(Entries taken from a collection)

◇ ◇ ◇ ◇

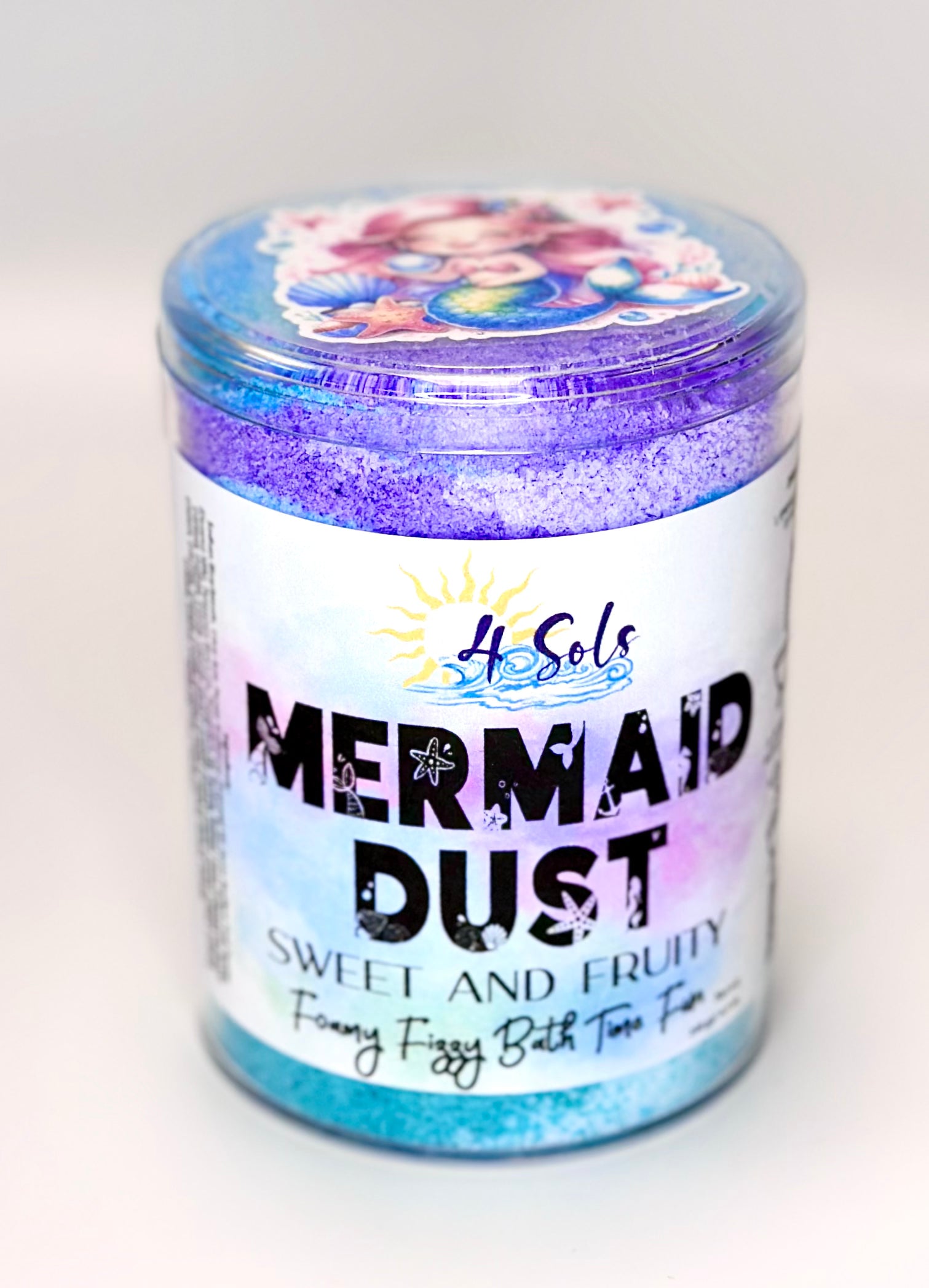 Sprinkle into tub of warm water. Allow for the Mermaid Dust to fizz and foam, with a little bit on shimmer dance on your water. Agitating water will create some foam, but not lots of bubbles.
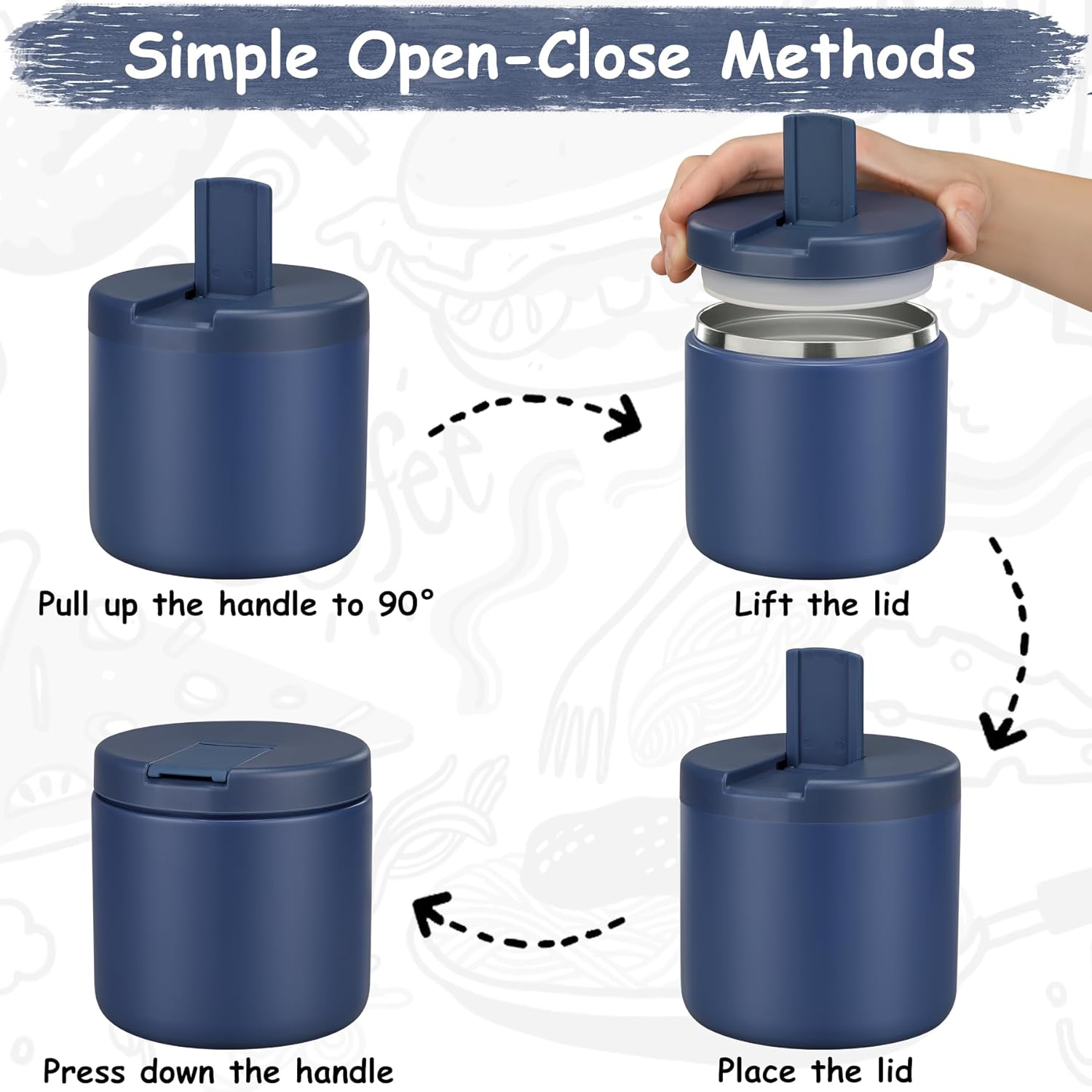 - Use Tips and Notes: In order to keep food hot or cold for a longer time, we recommend preheating/precooling with hot water/ice water for 5~10 minutes before putting food or soup into the food jar, and then put the food in. Note that when you disassemble the cover for cleaning and then reinstall it, be sure to lift the top of the cover before installing it. Otherwise, it will not be firm!!!
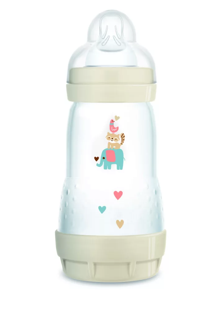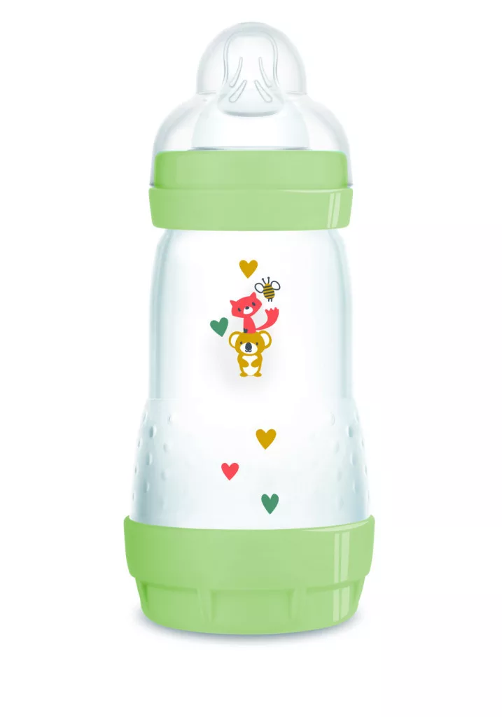 A MAM Anti-Coli cumisüveg puha, lapos etetőcumija olyan érzést kelt a kisbabádban, mint szoptatás közben, így ez a cumisüveg teljesen ideális a szoptatással való kombináláshoz. Ráadásul MAM szabadalmaztatott, szelepes aljnak köszönhetően a tej megszakítás nélkül tud folyni a cumisüvegből. Az üveg alján lévő szellőzőlyukaknak köszönhetően pedig egyáltalán nem képződik sem buborék, sem pedig hab, mellyel elkerülhető a kólikás hasfájás. A cumisüveg könnyen tölthető és tisztítható, sőt egyedülálló önsterilizáló funkcióval is rendelkezik, mellyel egyszerűen és gyorsan kifertőtlenítheted.
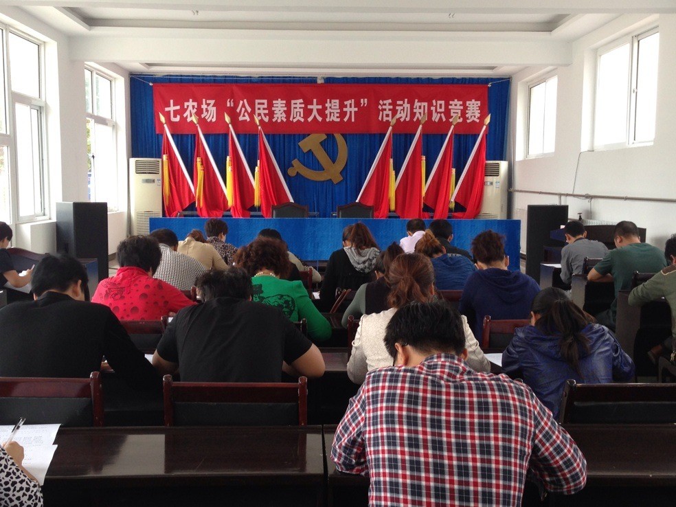 竞赛内容以《公共文明礼仪知识简明手册》、《公民道德建设读本》为主要参考资料,内容丰富,贴近实际。七农场把此次竞赛活动作为公民素质提升的有效载体,使广大党员干部在参与竞赛的过程中提高个人素质,提高服务水平,以文明的形象,优质的服务推动我场经济社会快速发展。
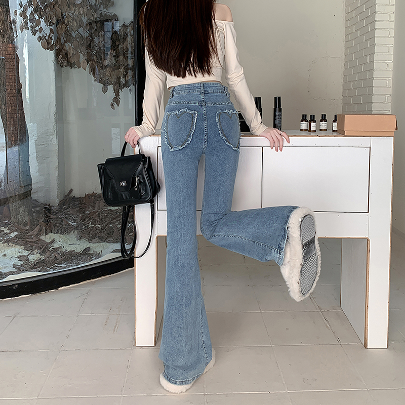 실제 ~ 마이크로 플레어 팬츠 말굽 바지 여성 하이 웨이스트 타이트 얇은 복고풍 탄성 러브 포켓 청바지
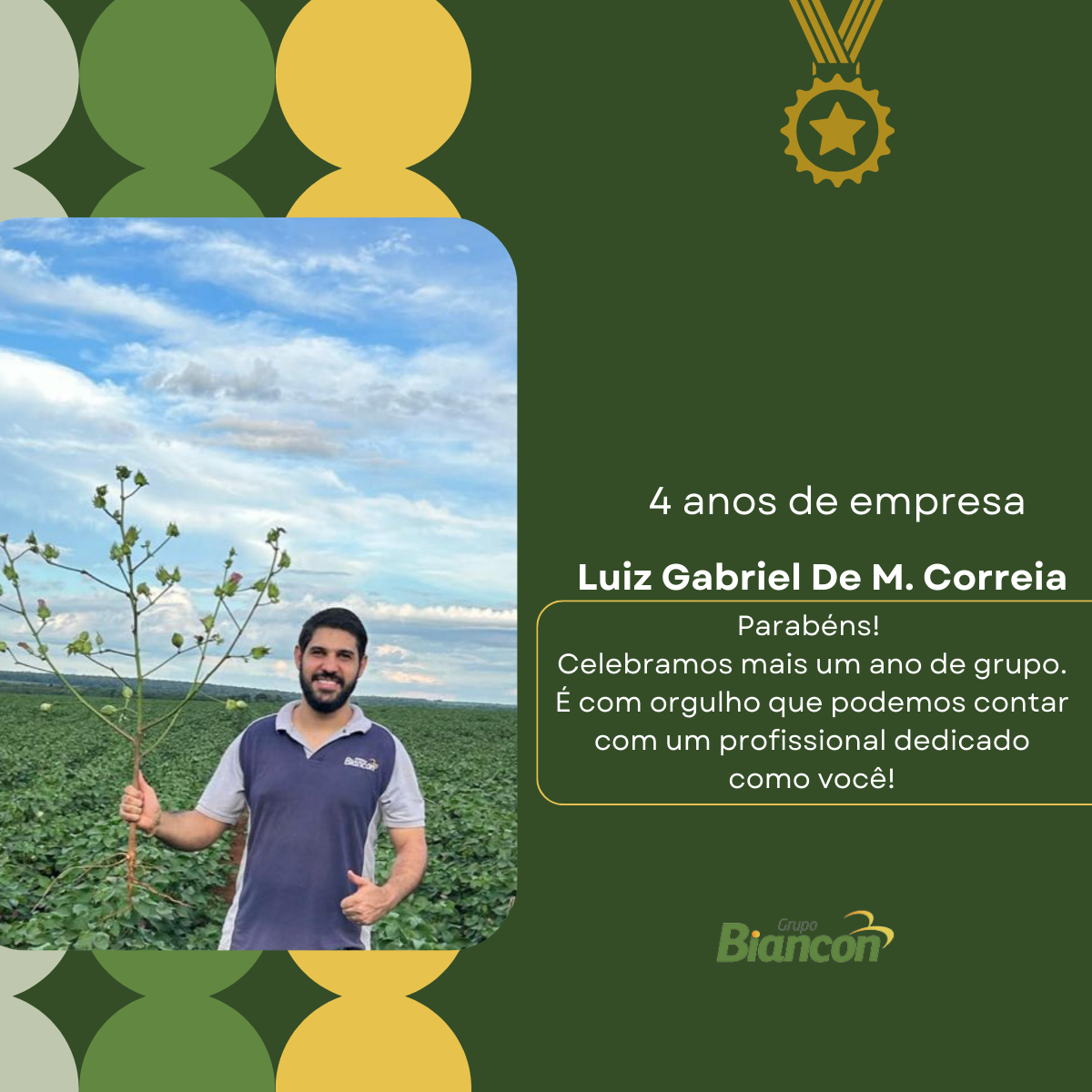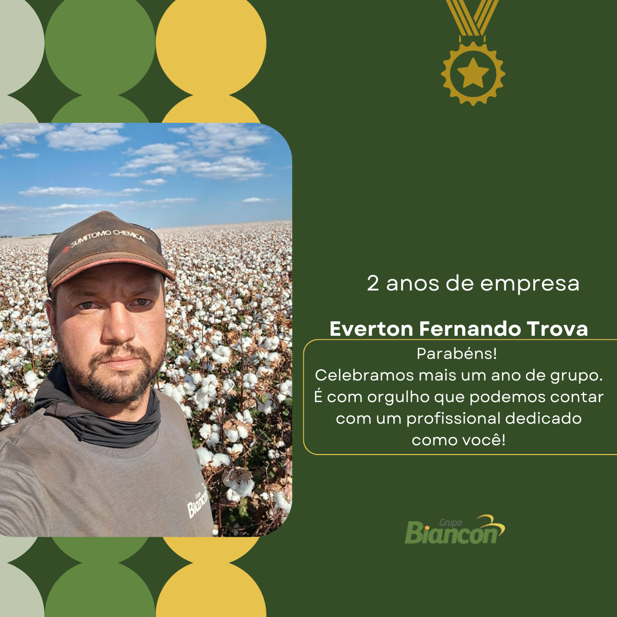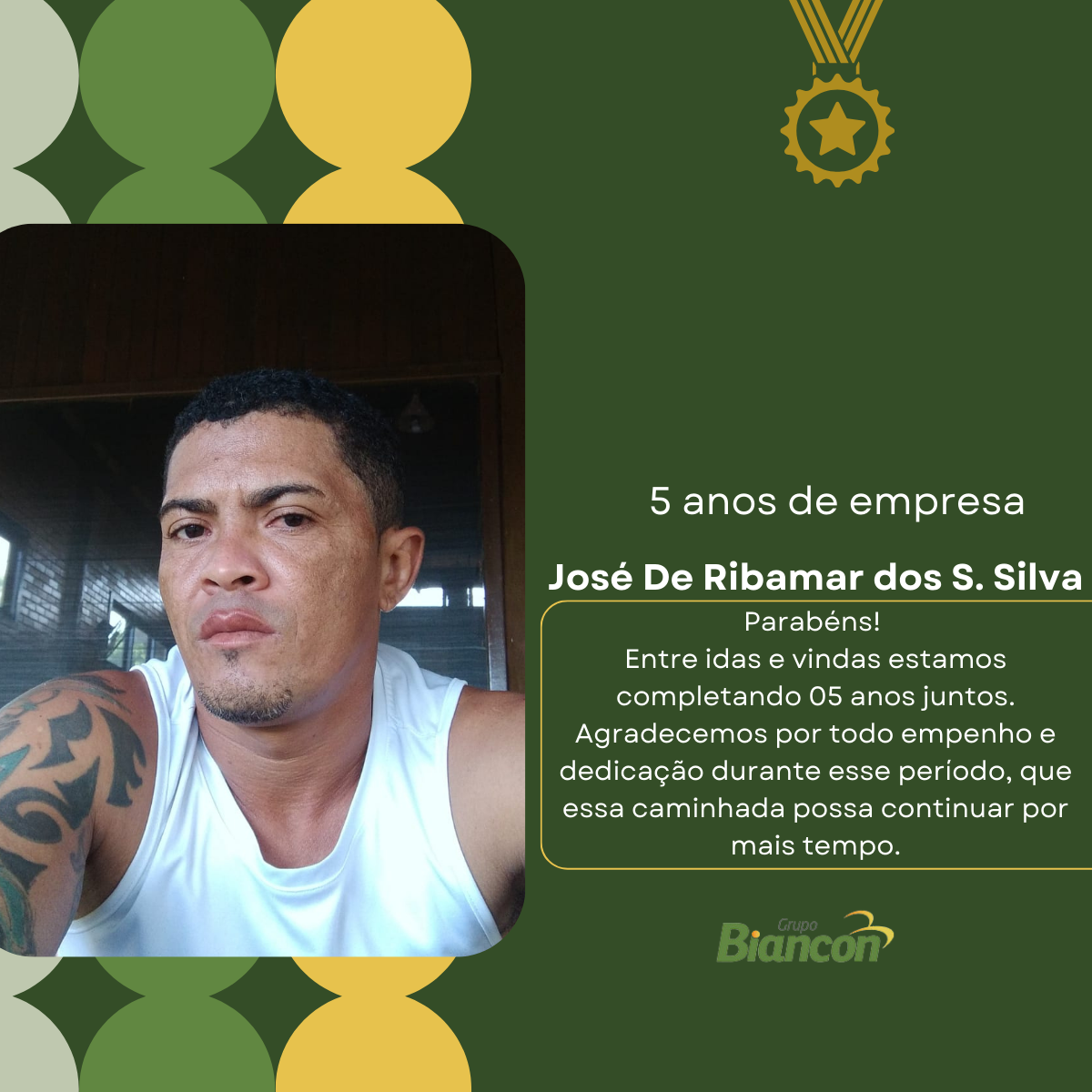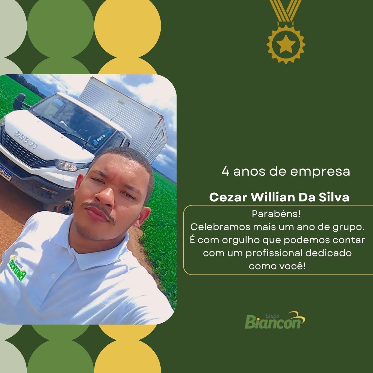É com muita alegria que nós do Grupo Biancon celebramos essa caminhada. Parabéns aos colaboradores pelo Tempo de Empresa.

◇ ◇ ◇ ◇

> [About this exercise]: The last line of the entries marks the end, and the line with "실제 ~ 마이크로 플레어" marks the start. Output exactly those two lines and every line between them, nothing else, with the pictures left out.

> [Solution for this exercise]:
 실제 ~ 마이크로 플레어 팬츠 말굽 바지 여성 하이 웨이스트 타이트 얇은 복고풍 탄성 러브 포켓 청바지
É com muita alegria que nós do Grupo Biancon celebramos essa caminhada. Parabéns aos colaboradores pelo Tempo de Empresa.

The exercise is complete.